A small question. Why does the sick run show "vanishing gradient" warnings when the disease is exploding pre-activations? Because once a ReLU pre-activation explodes past the safe-relu cap, the post-activation freezes at the cap. Backprop multiplies the upstream gradient by the ReLU derivative, which is 1 for any positive pre-activation, but the upstream gradient itself is the difference between the softmax probabilities and the target one-hot vector. When the softmax sees logits in the millions, one class ends up at probability 1 and the rest at probability 0, so the difference vector is nearly zero for the predicted class and zero for the rest. The exploding forward pass kills the backward pass. The two diseases are the same disease watched from opposite ends. The report catches both because it reads both ends.

Final per-layer health report for two patients trained on the same task. Healthy on the left: every layer Gaussian, no warnings. Sick on the right: layer 1 saturated at half a million, layers 3 and 4 with 100 percent dead neurons, gradient std flatlined.

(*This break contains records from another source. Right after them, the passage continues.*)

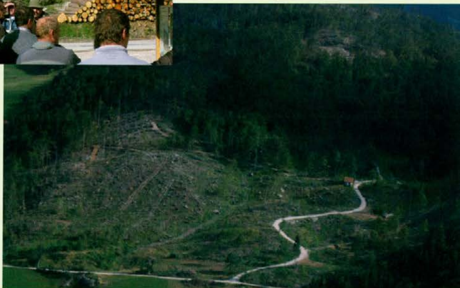
Sanirane površine - pogled iz letala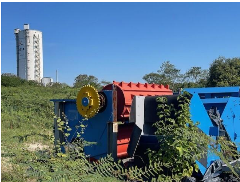
Figura 13 - Alimentador do moinho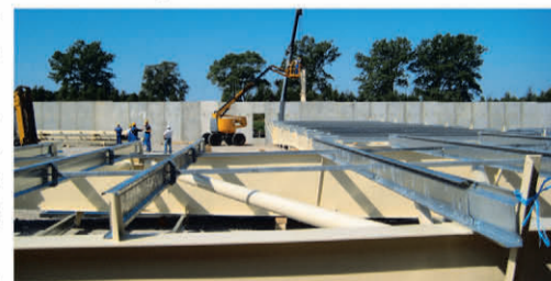
Kompostownia – plac budowy

tym, gdzie odpowiednie systemy będą kontrolować temperaturę i wilgotność, zraszać odpady, zasysać i odprowadzać powietrze do systemu biofiltrów. Kolejna faza procesu polegać będzie na dojrzewaniu kompostu w przyzmacz na istniejącym placu kompostowni. Obecnie trwa montaż konstrukcji hali kompostowni, zakończono fundamentowanie i ściany oporowe. Kolejną ważną inwestycją związaną z odzyskiem odpadów, zwłaszcza odzyskiem surowców wtórnych, jest rozbudowa sortowni odpadów. Obecnie pracująca sortownia ma przepustowość 50 000 ton/rok. Po rozbudowie będzie miała przepustowość 100 000 ton/rok. Budynek sortowni jest już rozbudowany, trwa montaż urządzeń linii technologicznej do sortowania odpadów.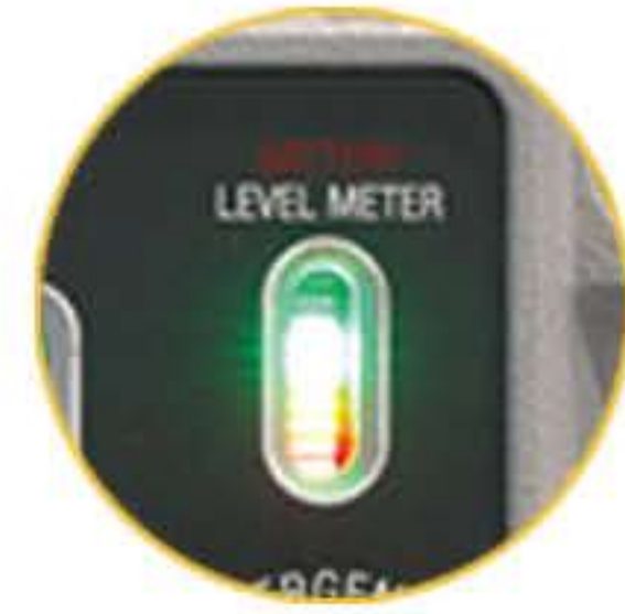
충전 및 배터리 레벨 게이지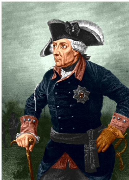
Фридрих II Пруссия

«Просвещённый абсолютизм» - политика абсолютизма в ряде европейских стран второй половины XVIII века, которая выражалась в преобразовании наиболее устаревших сторон жизни общества по инициативе монарха-реформатора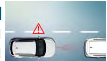
Alert o niebezpiecznej odległości od poprzedzającego pojazdu (SDW)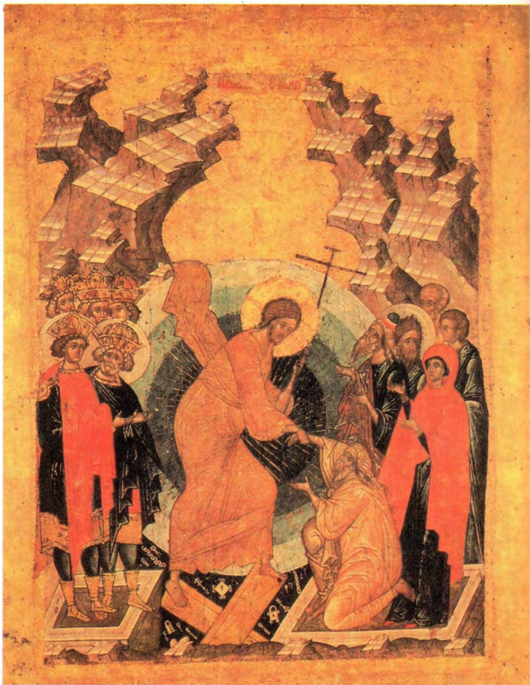
СОШЕСТВИЕ ВО АД, ИЛИ ВОСКРЕСЕНИЕ ХРИСТОВО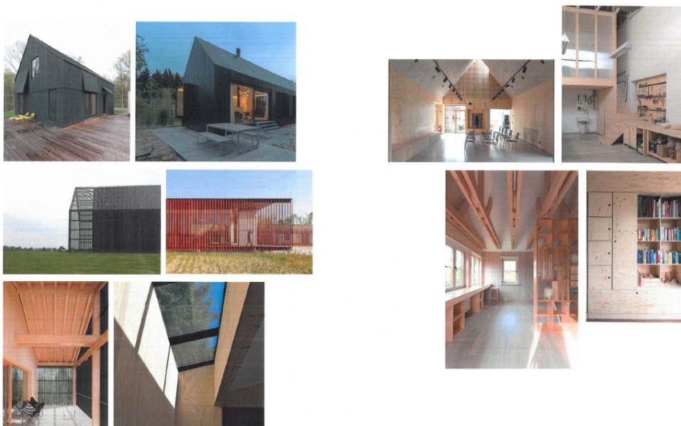
Figur 3, billeder af princip for det ansøgte byggeri, fra ansøgningen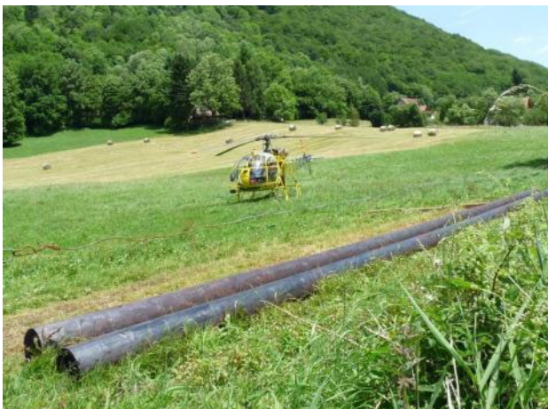
Au sol, de longs poteaux....

Grâce à cette opération, et même si elle est rare, la ferme du Kastelberg a enfin retrouvé son autonomie.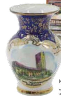
MINIATURVASE „GRUSS AUS KORNWESTHEIM“ , um 1930, Porzellan, MPK Bavaria, 8 x 5,5 cm

Anmeldung für Schulklassen im Museumssekretariat unter museen@kornwestheim.de oder Tel. 07154-202-7401.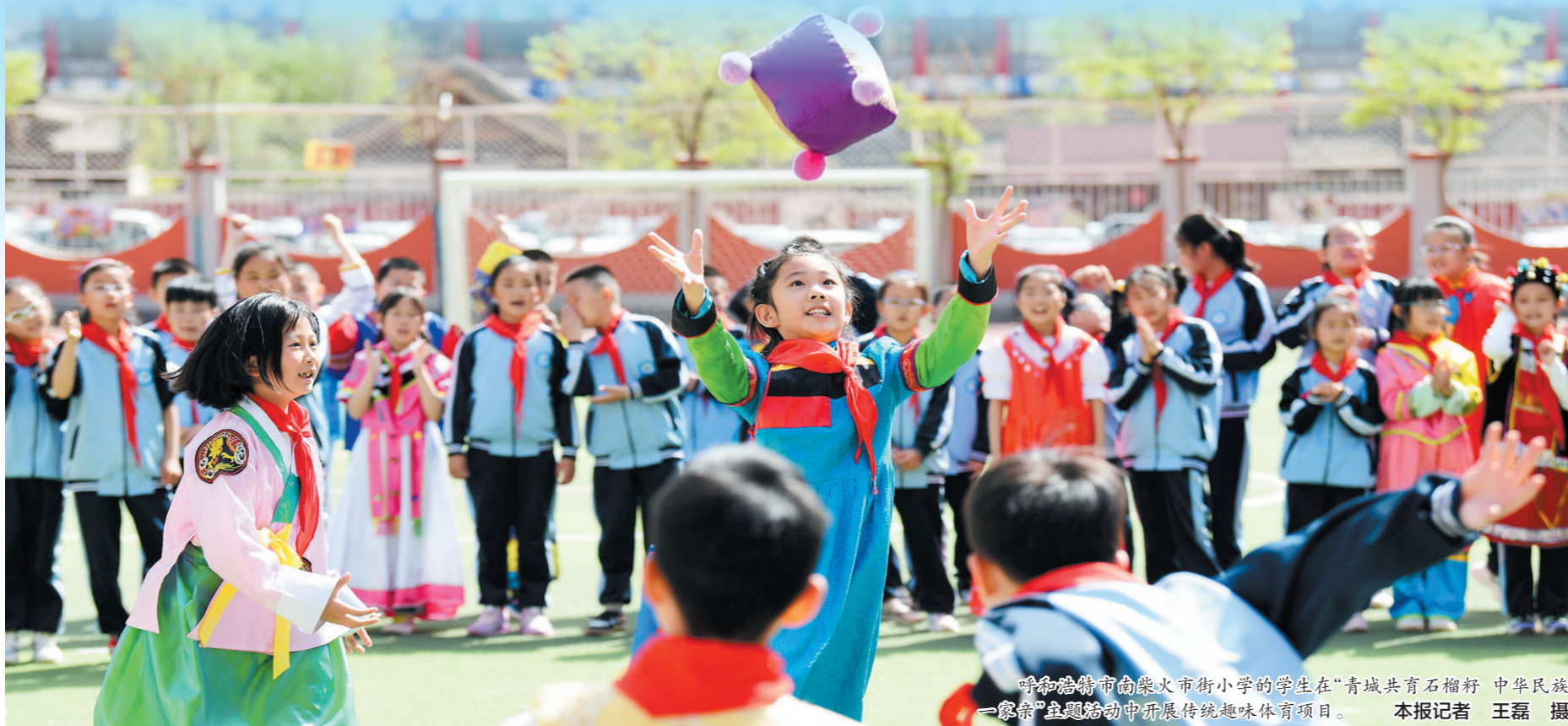
呼和浩特市南火街小学的学生在“青城共育石榴籽 中华民族一家亲”主题活动中开展传统趣味体育项目。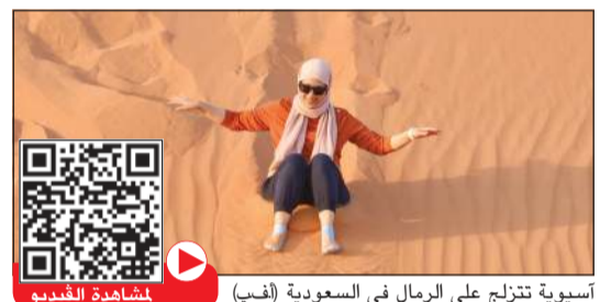
آسيوية تزلج على الرمال في السعودية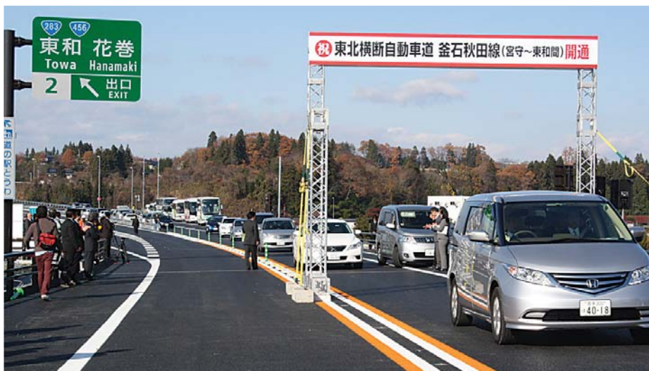
横断道宮守東和間開通 (H24.11.25)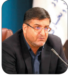
استادان: برنامه‌های روز چهارمحال و بختیاری در جهت وفای اقوام استان اجرا شود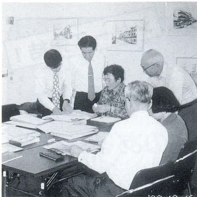
編集委員による調査

今後町内に残るものの確認に努め、密度の濃い史料収集を目指しています。皆さんのお宅にひっそりと眠っている古文書類がございましたら、ぜひ町誌編さん事務局（☎六一二六五）までお知らせください。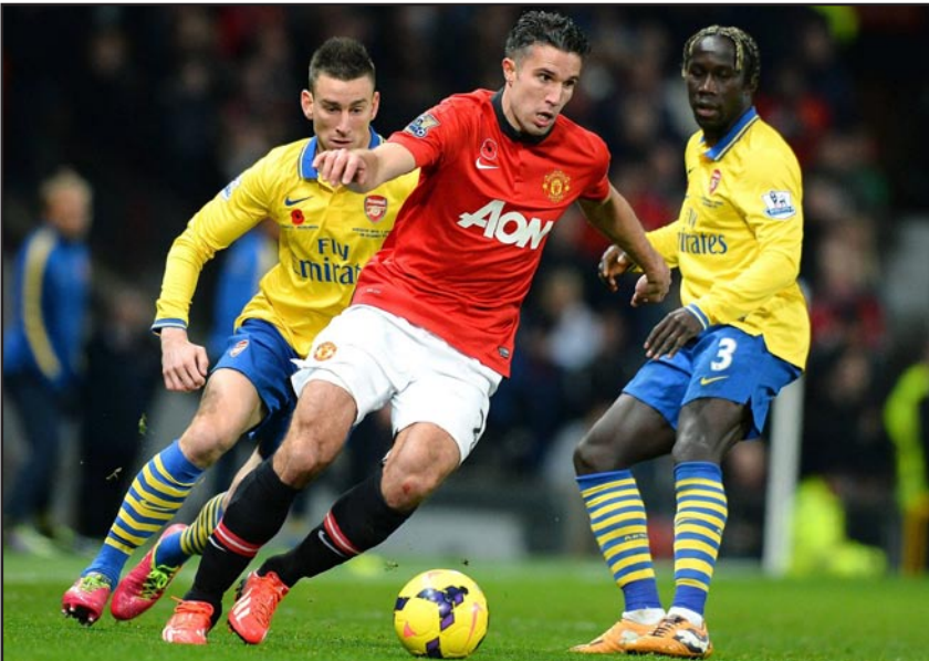
الشياطين الحمر في مواجهة نارية مع البايرن

ويتابع ريال مدريد حملة البحث عن لقبه العاشر (رقم قباسي) أمام بوروسيا دورتموند الألماني وصيف النسخة الأخيرة وبطل ١٩٩٧. فاز ريال ثلاث مرات على دورتموند أوروبياً وتعادلا ثلاث مرات وخسر مرتين. وللمرة الثانية على التوالي تتمثل ثلاثة أندية اسبانية في ربع النهائي، إضافة إلى فريقين من ألمانيا وكتلترا وآخر من فرنسا. وتقام مباراتا برشلونة - اتلتيكو ومانشستر يونايتد - بايرن ميونيخ في ١ و ٩ نيسان المقبل، وريال مدريد - دورتموند وتشيلسي - سان جيرمان في ٢ و ٨ منه، قبل قرعة نصف النهائي في ١١ منه. وتضيف العاصمة البرتغالية لشبونة المباراة النهائية في ٢٤ أيار.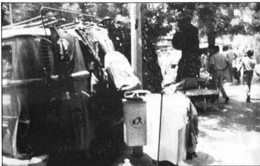
Tropes nasseristes a El Xuf. Soldats a Sabra. A la pàg. 21, supervivència i destrossa a les ciutats.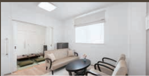
自宅のようにくつろげる親族控室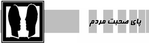
پای صحبت مردم

وی با تأکید بر تشدید نظارت بر واحدهای نانوائی تصریح کرد: در نیمه اول اسمال ۵۰ پرونده تخلفاتی برای انوائان تشکیل و به علت کم فروشی و عدم رعایت موازین بهداشتی به پرداخت ۸۶میلیون ریال جریمه محکوم شده‌اند.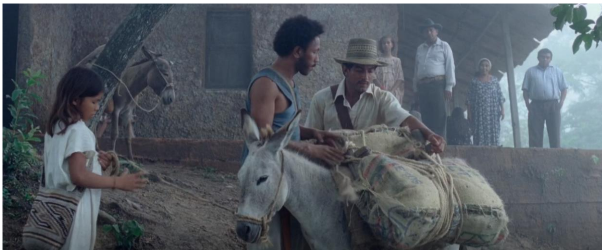
Figura 13. Burro cargado de marihuana. Guerra y Gallego (2018, 0:28:16).

En Pájaros de Verano se logra percibir que uno de los primeros medios utilizados para transportar marihuana fueron las mulas. Sin embargo, en esta representación no se muestra que los arrieros estuvieran armados o fueran acompañados por “cuadrillas de pistoleros”, como se explicó en el párrafo anterior.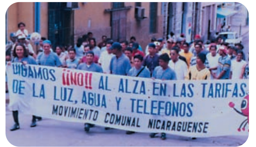
Jongerdemonstratie tegen prijsverhoging van water, licht en telefoon. Matagalpa, Nicaragua.

Meer lezen: Wamukonya, N. (ed.), Electricity reform: social and environmental challenges , United Nations Environment Programme, UNEP Risoe Centre, Roskilde, June 2003 http://uneprisoe.org/SectorReform/ElectricReformChallenges.pdf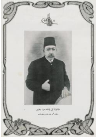
Resim 1. Yeni Padişah Mehmed Reşat [ Şehbal 28 Nisan 1909 (15 Nisan 325), s. 64.]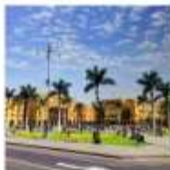
DAY 10 CUSCO - LIMA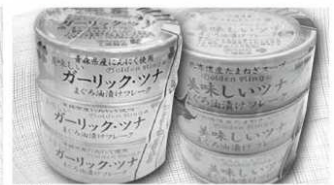
伊藤食品 ・美味しいツナ(油漬・オイル無添加) ・ガーリックツナ 70g×3缶入・各1パック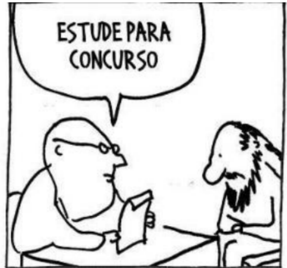
DAHMER, André. Não Há nada acontecendo. Folha de São Paulo, abril de 2025.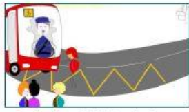
1.- Le jeu à l'attente du car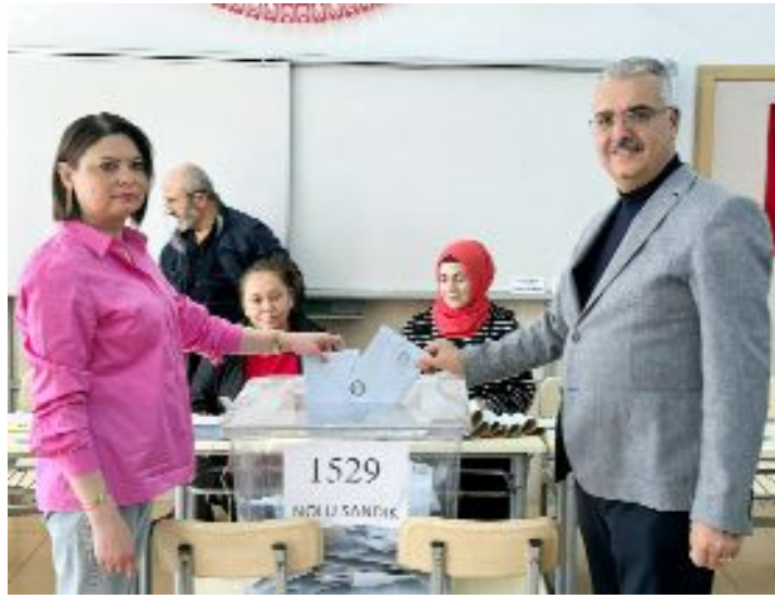
AK Parti Çorum Milletvekili Yusuf Ahlatcı ve eşi Meral Ahlatcı...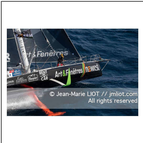
Fabrice Amédéo, skipper de l'IMOCA Newrest Art & Fenêtres à l'entrainement avant le départ du Vendée Globe 2020, mer d'Iroise le 29/08/2020, Photo © Jean-Marie LIOT.###.Fabrice Amédéo, skipper IMOCA Newrest Art & Fenêtres before the start of le Vendée Globe 2020, Iroise on august 28, 2020, Photo © Jean-Marie LIOT.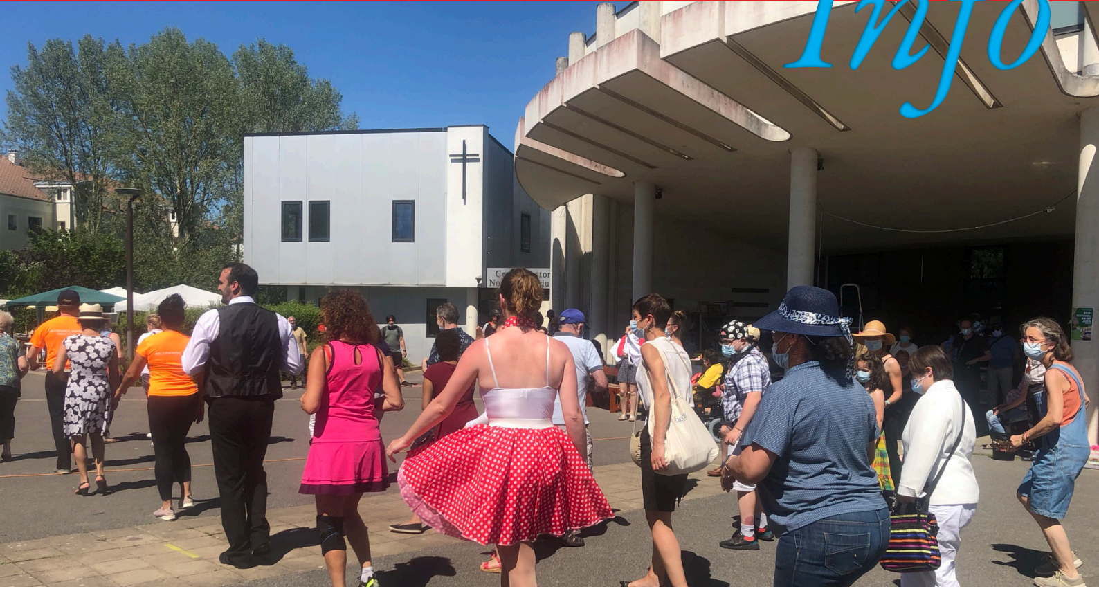
Braderie paroissiale 2021

This is the lesson where the curriculum stops giving you single fixes and starts giving you instruments. ReLU was a fix. Kaiming initialization was a fix. Residual connections were a fix. The training health monitor is not a fix; it is the medical chart that tells you which fix to reach for. From here on the curriculum is about scale, and at scale you cannot eyeball the problem from a loss curve. A 70-billion-parameter language model has thousands of layers and billions of neurons, and any one of them can be sick while the loss looks fine. The same six readings you just printed for a 5-layer toy network are the same six readings every production training pipeline records every step. The dashboards get fancier; the readings do not change.

The diagnostic told you the sick patient was sick. It did not say what to give him.